Митя, глядя на комичную картину, украдкой смеялся в усы, но стоило лакею покинуть залу, взял серьезный тон:

– Опять деньги по ветру пустил.

– Я проверил теорию, – пожал плечами Мармеладов. – На шаг приблизился к разгадке. За такое и втрое больше отдать не жалко.

– Ты на расследование свыше двадцати пяти рублей собственных денег извел. Убедился лишь в том, что и без того предполагал: зарезал фрейлин один из высокородных гостей княжны. А дальше? Вряд ли он появится на пороге с окровавленной бритвой в руке.

– Убийцы, друг мой, бывают двух типов: как ты и как я. Первые действуют спонтанно, в вихре эмоций. Порыв минутный, хватают первое попавшееся под руку – камень, кочергу, медный пестик от ступки, – и наносят удар. Такие убийцы не преступники, а жертвы своих страстей.

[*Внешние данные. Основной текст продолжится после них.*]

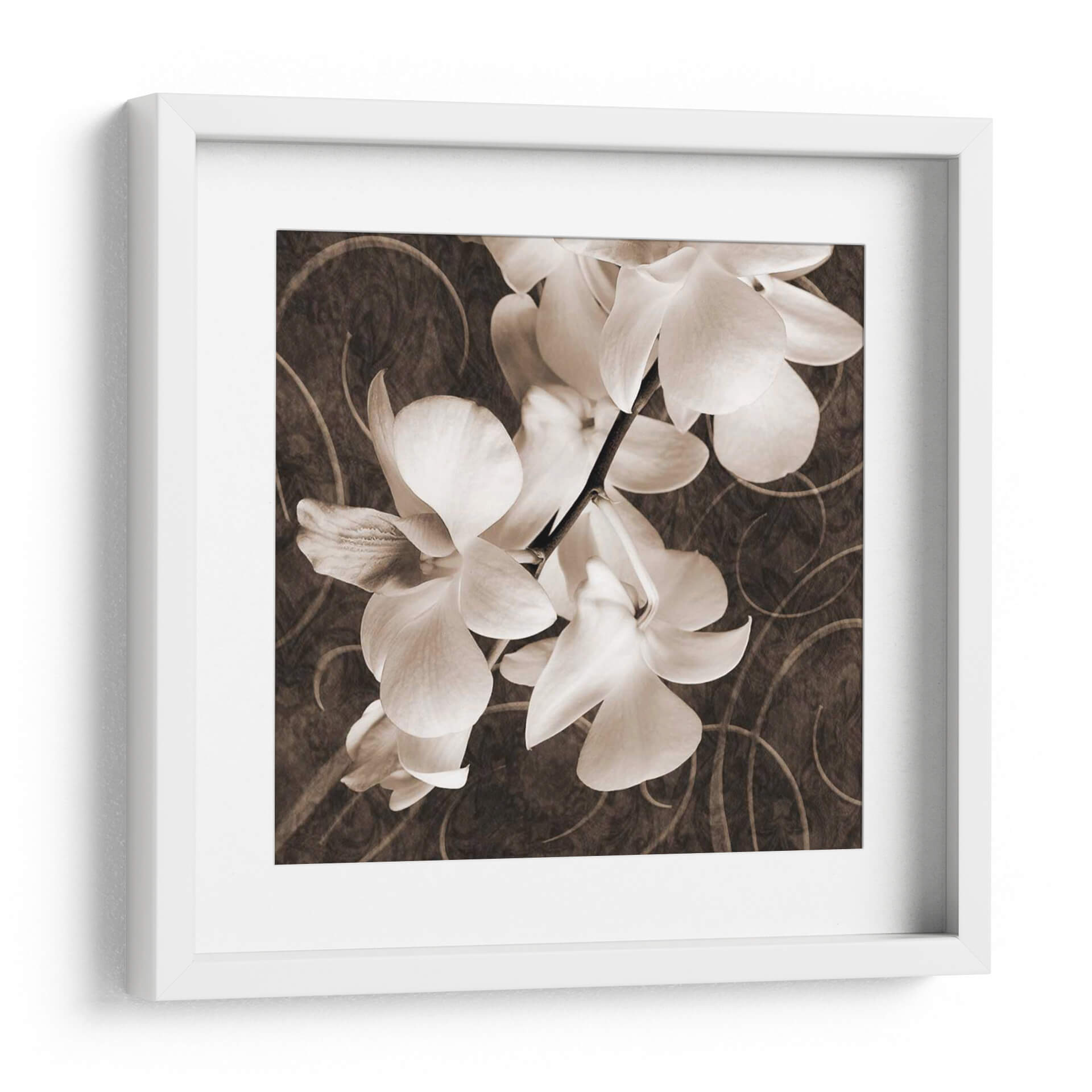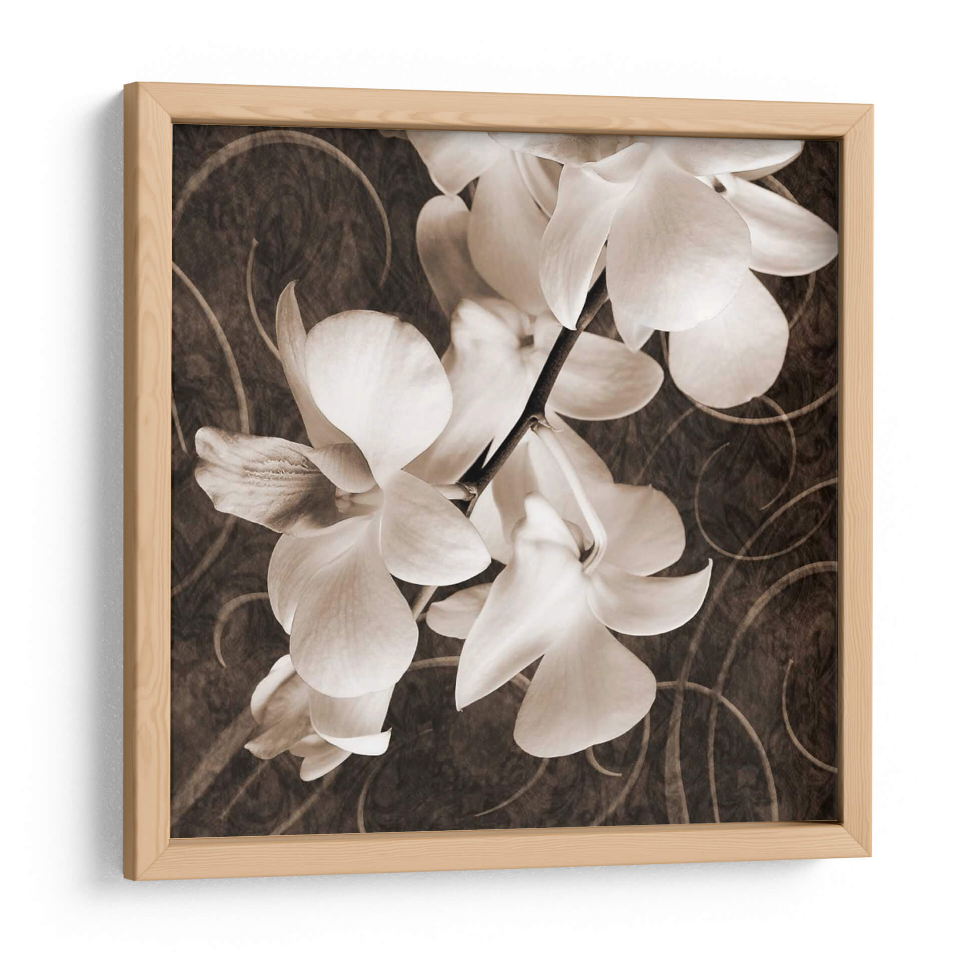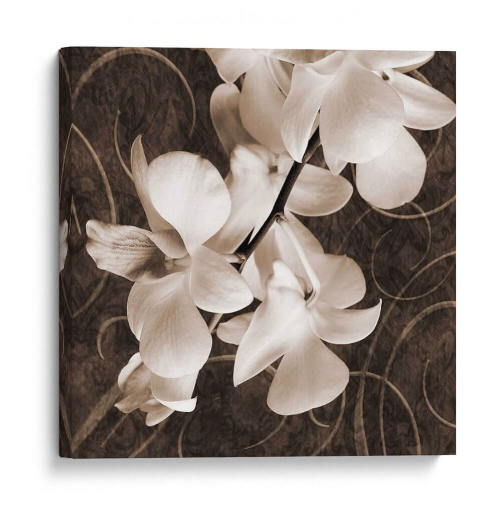 Sumérgete en la delicadeza y elegancia de 'Orquídea Y Remolinos I', una obra de Christine Zalewski que captura la esencia etérea de estas flores exóticas. Este cuadro decorativo presenta un primer plano de orquídeas en tonos sepia, con sus pétalos blancos y sedosos desplegándose con gracia sobre un fondo texturizado y adornado con remolinos sutiles. La paleta de colores cálidos y apagados crea una atmósfera de serenidad y sofisticación, perfecta para cualquier espacio que busque un toque de calma y belleza natural. La composición, centrada en la forma intrincada de las flores y el contraste con los patrones decorativos, invita a la contemplación y añade profundidad visual. Ideal para dormitorios, salones o estudios que deseen una pieza artística que combine lo orgánico con un diseño abstracto, este cuadro transformará tu ambiente en un santuario de paz y estilo. Añade esta pieza atemporal a tu colección y deja que su belleza natural enriquezca tu hogar.

Митя с трудом сглотнул комок, подкативший к горлу, хотел что-то добавить, но смолчал.

– А вторые дают себе разрешение переступить через кровь. Вслушайся в само слово «преступник». Не закон он переступает – у нас в России этим никого не удивишь, много кто против закона идет. Мать ворует хлеб, чтоб голодных детей накормить. Шулер Федька, прельстился куском мяса. Цыганки и напрыжник Архипка отбирают деньги у ротозеев. Все нарушают закон, но предложи им убить, кровью запачкаться – убегут. Мы же идем по следу василиска. Я вчера с сарказмом к словечку отнесся, вроде сказочное оно, несерьезное. Но Порфирий в корень зрит. Взять хотя бы прежнюю мою идею – она долго вызревала, словно яйцо, и однажды проклюнулась. Но не сразу ведь разберешь, кто эту идею высиживает, и за твердой скорлупой не разглядишь, что внутри. Проклюнется орел – из человека полководец выйдет. Сам он, может быть, никого не убьет, а только будет отдавать приказы, чтоб люди гибли во имя его победы. Склюет их, как вшей, тьму малым счетом и великую тьму. Но это если идею высиживает орлица, в палатах дворянских или во дворцах императорских. Оттуда в Наполеоны-то легче…

Он ходил между карточными столами, широкими жестами рук показывая размах крыльев благородной птицы. Слуга, уже другой, незнакомый, принес в залу два горящих подсвечника, оттого по стенам запрыгали изломанные тени, повеяло мрачной жутью.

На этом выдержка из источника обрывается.